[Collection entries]
↓

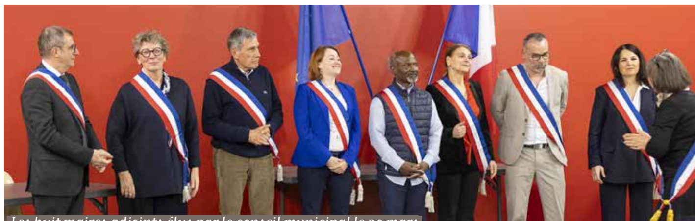
Les huit maires adjoints élus par le conseil municipal le 20 mars

Les représentants de Soisy-sur-Seine participent aux décisions prises à cette échelle, en complément de l'action municipale.
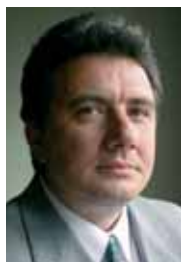
PIŠE: DR JOVAN TEOKAREVIĆ

Iako položaj žena u Evropskoj uniji nije idealan, bolji je od situacije kod nas, pa bi i u ovoj oblasti bilo dobro imati više, a ne manje Evrope
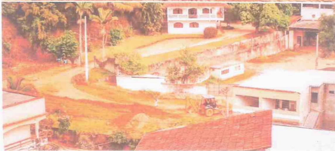
Pavimentação da Rua em frente à Casa Romildo Bettecher
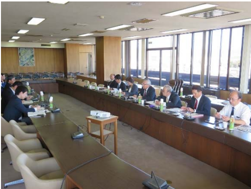
委員会室での研修風景

平成26年度から始まった寺子屋事業も平成28年度より事業を再編し、「かかみがはら寺子屋事業2・0」としてバージョンアップしました。この事業は子どもた
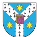
Universitatea „Alexandru Ioan Cuza” Iași
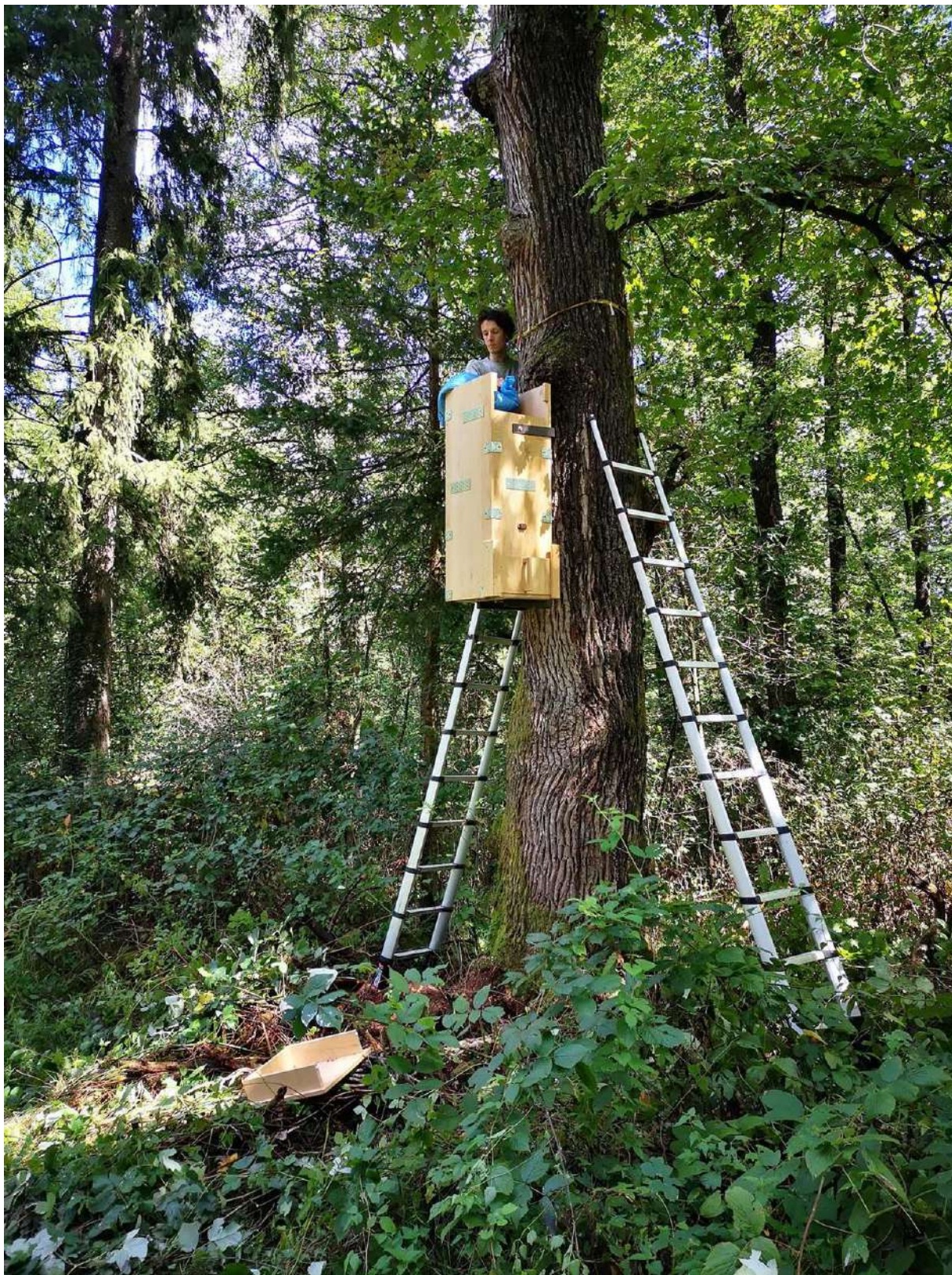
Slika 16. Polnjenje gojilnic z lesnim muljem (hranilnim substratom).
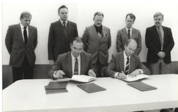
Фото 4. Момент підписання двосторонньої угоди з Оульським університетом
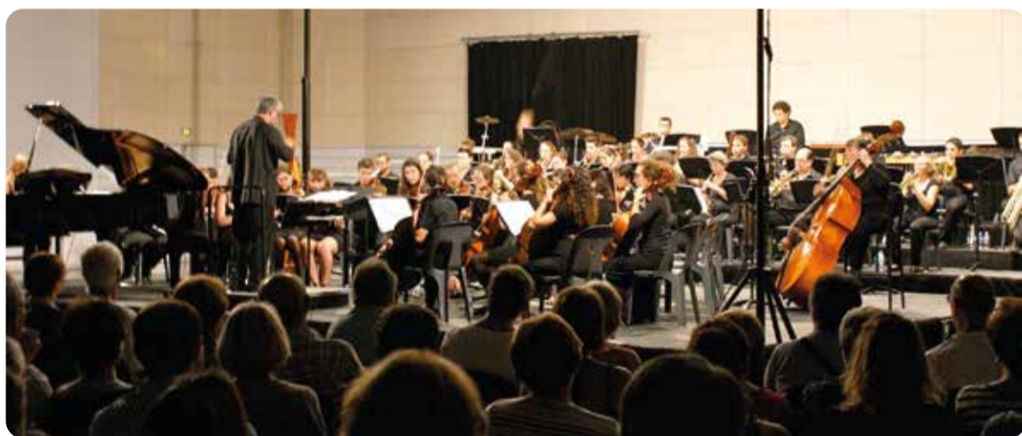
Jazz symphonique à Mazères-Lezons

G âce au partenariat entre la Mairie, la Communauté d'agglomération Pau-Pyrénées et le Conservatoire de Musique et de Danse à rayonnement départemental, grâce à l'implication des élus de la municipalité et des bénévoles du Comité des Fêtes, un concert symphonique a été organisé pour reverser la recette au profit de France AVC 64, association qui se bat pour la prévention des risques d'Accidents vasculaires cérébraux (AVC). ●
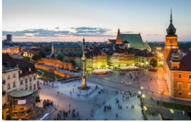
نصب الملك زيغمونت على مدخل المدينة القديمة
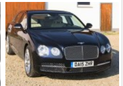
Video Bentley Flying Spur - 12 Zylinder...
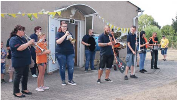
„Stünzer Hain“: Musik muss nicht unbedingt von Profis kommen.
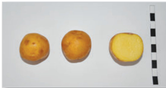
Foto36: DE MARIA
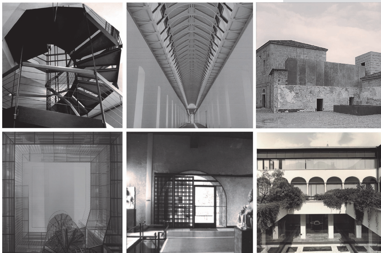
Figure 3. Highlighting Gradient: by single or dilated items, by repeated or multiple elements, by a system of fragments or extruded volumes.

Lo svelamento diffuso ricorre anche ad elementi metallici molteplici che, pur preferendo la variazione alla ripetizione, sono percepiti come parte di un disegno progettuale unitario. Nel Museo di Castelvecchio a Verona (Carlo Scarpa, 1956), una lunga trave di ferro passa continua lungo l'edificio, tentando di superare l'originale rigidità del sistema spaziale: composta da profili binati, la trave rifiuta l'uso di componenti standardizzate e propone un profilo a C con piatti in acciaio, imbullonati ad un profilo angolare alle estremità superiore ed inferiore. Una particolare attenzione è posta di nuovo al giunto di intersezione tra la trave e le pareti divisorie: la prima riduce la sua sezione resistente in corrispondenza delle pareti, le seconde ridisegnano il proprio profilo sottraendo materia in corrispondenza del punto di contatto. Oltre a modificare l'articolazione degli spazi interni, l'acciaio disegna la copertura con le travi lignee di colmo esistenti e configura le connessioni dialogando con il cemento armato delle passerelle. La presenza dell'acciaio è in Castelvecchio estesa all'intero complesso in diverse forme, sempre in vista, integrate con altri materiali: l'accostamento con essi racconta storie altrettanto variegata che avvicinate, ma dissociate, iniziano a dialogare [17]. Un dialogo, questo, che mette a sistema materia antica ed acciaio, facendo
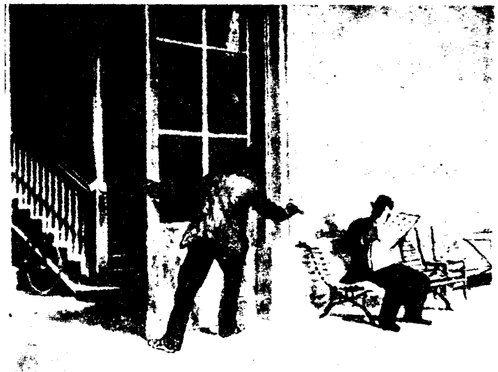
El anarquista Angiolillo asesinó el 8 de agosto de 1897 a don Antonio Cánovas del Castillo, en el balneario de Santa Agueda.
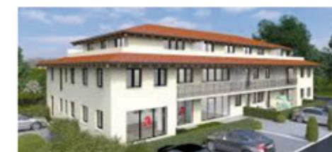
Alpenstraße 25 - Tel: 08039 909 63 70 - alpen-apo@web.de

Liebe Griesstätterinnen, liebe Griesstätter,
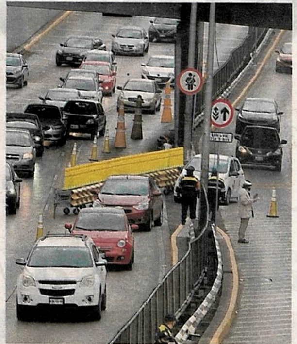
Por la mañana el recorrido de viaje se recortó de 30 a siete minutos

El carril reversible operará de lunes a viernes de 7:00 a 9:00 hacia Chapultepec y de 17:00 a 20:00 horas hacia La Raza
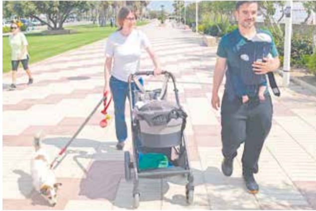
Una família passeja la seua mascota a Canet.

El plat fort serà el programa 'El Ciudadano Ejemplar',
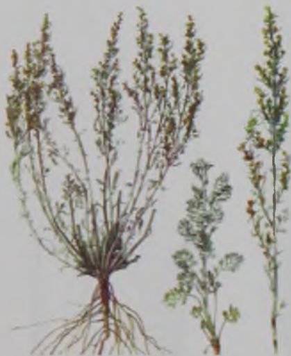
Рис. 82. Полынь Лерховская – ақ жусан
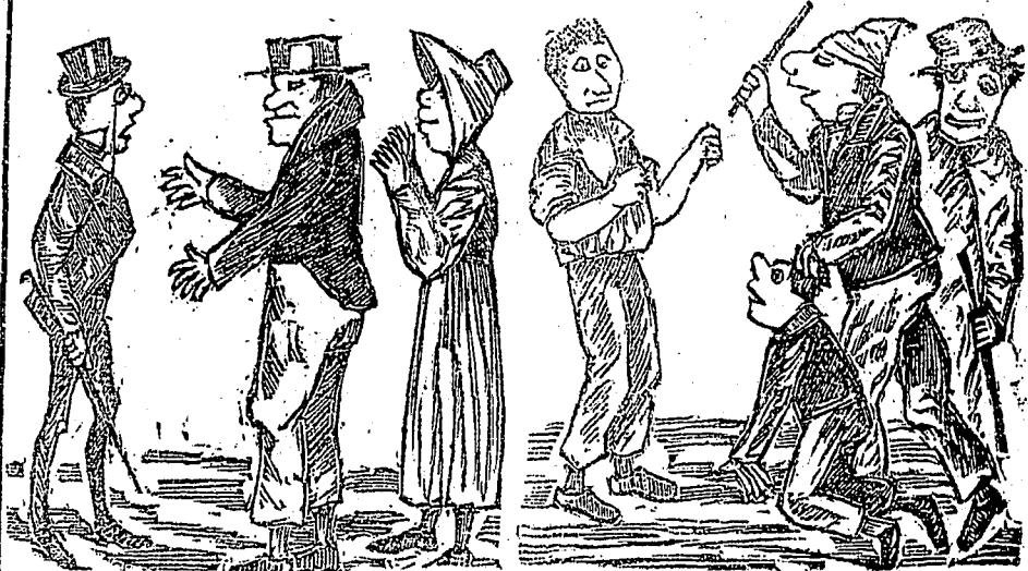
(1) Il va passer quelques jours dans son village natal.
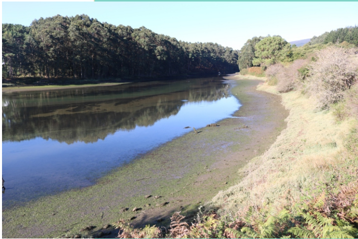
Desembocadura do río Centriño
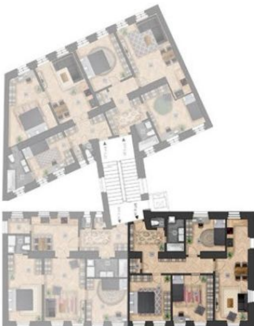
umístění bytu na patře
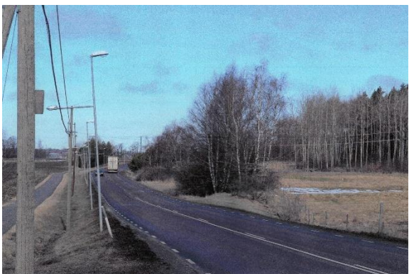
Till höger syns en mindre väl bevarad snutt av 1600-talsvägen, 400 m nordväst om Prästtorp. Den har en bredd om 6 m och vägbanken är några dm hög. Foto författaren 2013.
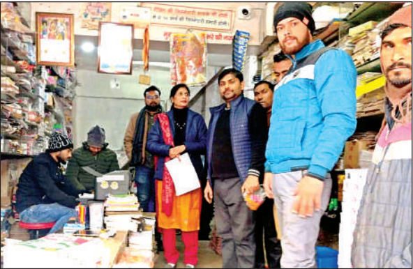
बाल विवाह के प्रति लोगों को जागरूक करते टीम के सदस्य ।

भारत में 100 दिवसीय ‘बाल विवाह मुक्त भारत’ अभियान प्रस्तावित है, जिसके अंतर्गत द्वितीय चरण में 01 से 31 तक प्रस्तावित है। जिसके अंतर्गत धार्मिक स्थल, विवाह संबंधी सेवाप्रदाताओं जागरूक किया जाना है। शुक्रवार को जनपद मुख्यालय में हब फॉर इम्प्लायमेंट ऑफ वूमेन टीम, जिला सेवा विधिक प्राधिकरण एवं कोतवाली द्वारा समन्वय स्थापित करते हुए जिला मुख्यालय के मुख धार्मिक स्थल/विवाह संबंधी सेवा प्रदाता को बाल विवाह निषेध
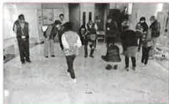
プロジェクションマッピングで自分の家を探しました
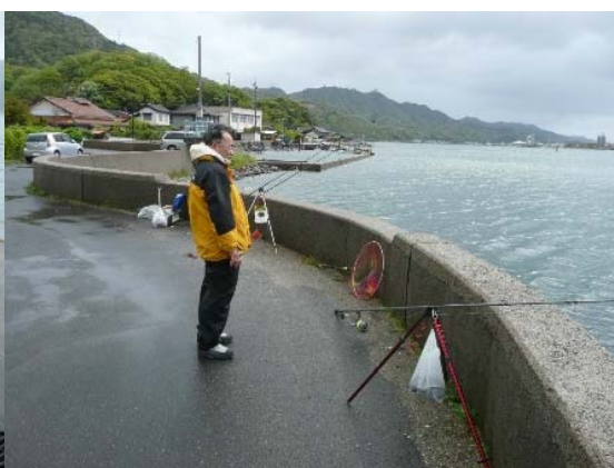
なにわキャストーズの桑ちゃん
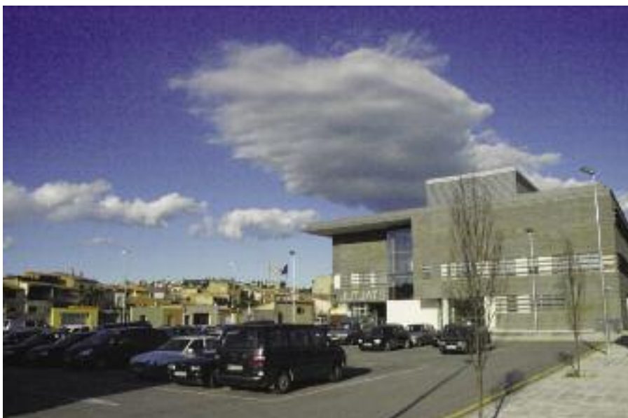
Urbanització de l'entorn dels nous Jutjats i l'Arxiu Històric Comarcal.

Pla de xoc per a la neteja de carrers: calendari setmanal i públic d'actuacions (2008-2009).
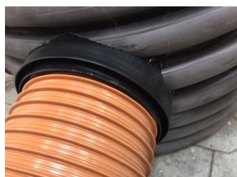
Foto viser et Ultrarør type 1

Pakning B smøres udvendigt med glidemiddel.
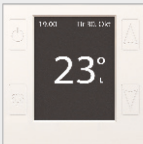
mTouch® One Front M-HV, OP
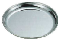
⑳EBM 18-0 給食皿
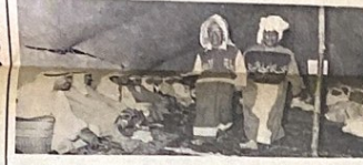
الفرقة الوصفية يؤمنون لجانة اناء حلة السندون ويحاجهم بعض المدون
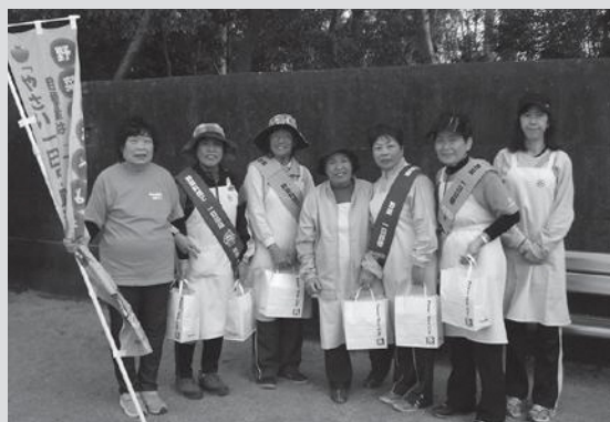
11月4日(日和佐町民運動会)
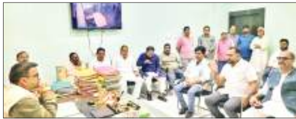
उप नगर आयुक्त से चर्चा करते जिला अध्यक्ष सहित अन्य.
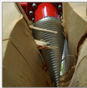
Holzspalter für Bagger
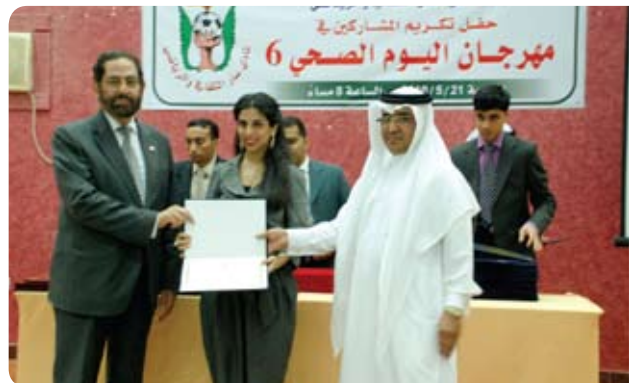
Saar Cultural and Sports Club نادي سار الثقافي والرياضي
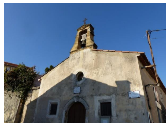
Chapelle des Vignerons
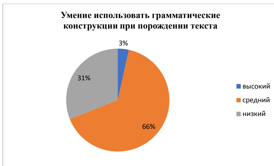
Рис. 3. Результаты исследования уровня сформированности умения использовать грамматические конструкции при порождении текст.

0% учащихся находятся на низком уровне. Это означает, что учащиеся не испытывают трудности в употреблении верной предложно-падежной формы слов при составлении словосочетаний.
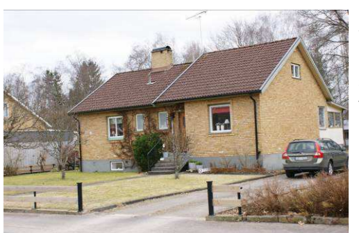
Bryggaren 3, Heimdalsgatan 45

Område med mycket enhetlig grupphusbebyggelse i ordnade former mot gata. Fasadmaterialet är rött tegel och grå träpanel på gavelpetsarna. Sadeltaken täcks av svarta betongpannor. De är byggda på slutet av 60- och början av 70-talet. Ritningar är utförda av Sv. Riksbyggen, proj. Avd.
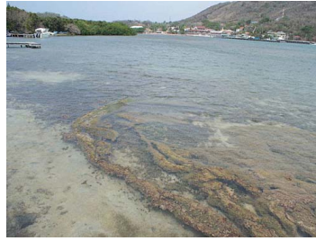
Litoral en Providencia
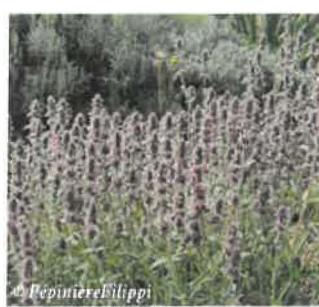
Stachys Stachys cretica Hauteur: 15 à 50 cm Sol : Caillouteux, drainé Floraison : Juin
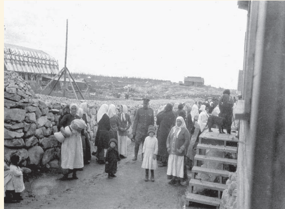
Camp familial de Spirit Lake en Abitibi (Québec) © Library and Archives Canada / Bibliothèque et Archives Canada, PA-170620
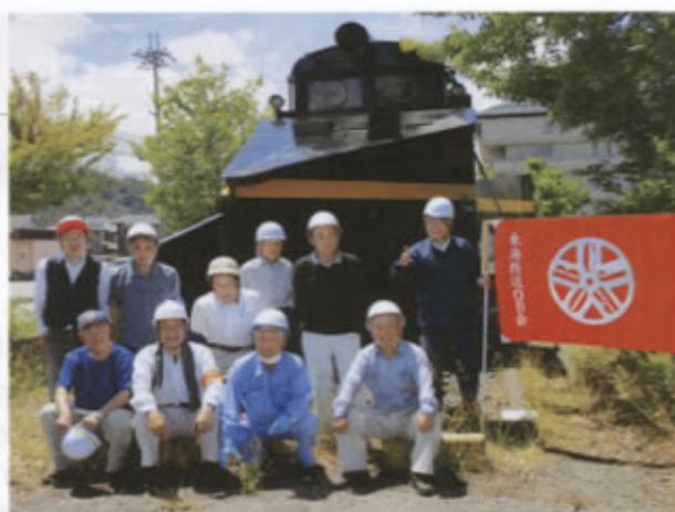
▲清掃活動に参加したみなさん

ロキ555は、昭和18年に製造され、現在保存されているのは、全国で小樽の総合博物館と米原市だけと云われている。現在の、日本の大動脈輸送は新幹線が担っているが、それまでは東海道線が大動脈として、冬季における米原・関ヶ原間の豪雪地域で、その一端をロキ555が担ってきたものであり、そのような貴重な鉄道遺産の、保存作業に貢献したいと、
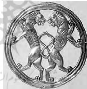
تصویر ۱۸- هخامنشی.

↑

GOAL OF THE EXERCISE → Above are entries with pictures among them. Write out exactly the lines from the one containing "Liebe Griesstätterinnen, liebe" through the one containing "umístění bytu na patře", ends included, and leave those pictures out.

ANSWER FOR THIS EXERCISE →
Liebe Griesstätterinnen, liebe Griesstätter,
Por la mañana el recorrido de viaje se recortó de 30 a siete minutos

El carril reversible operará de lunes a viernes de 7:00 a 9:00 hacia Chapultepec y de 17:00 a 20:00 horas hacia La Raza
Una família passeja la seua mascota a Canet.

El plat fort serà el programa 'El Ciudadano Ejemplar',
Рис. 82. Полынь Лерховская – ақ жусан
(1) Il va passer quelques jours dans son village natal.
Desembocadura do río Centriño
umístění bytu na patře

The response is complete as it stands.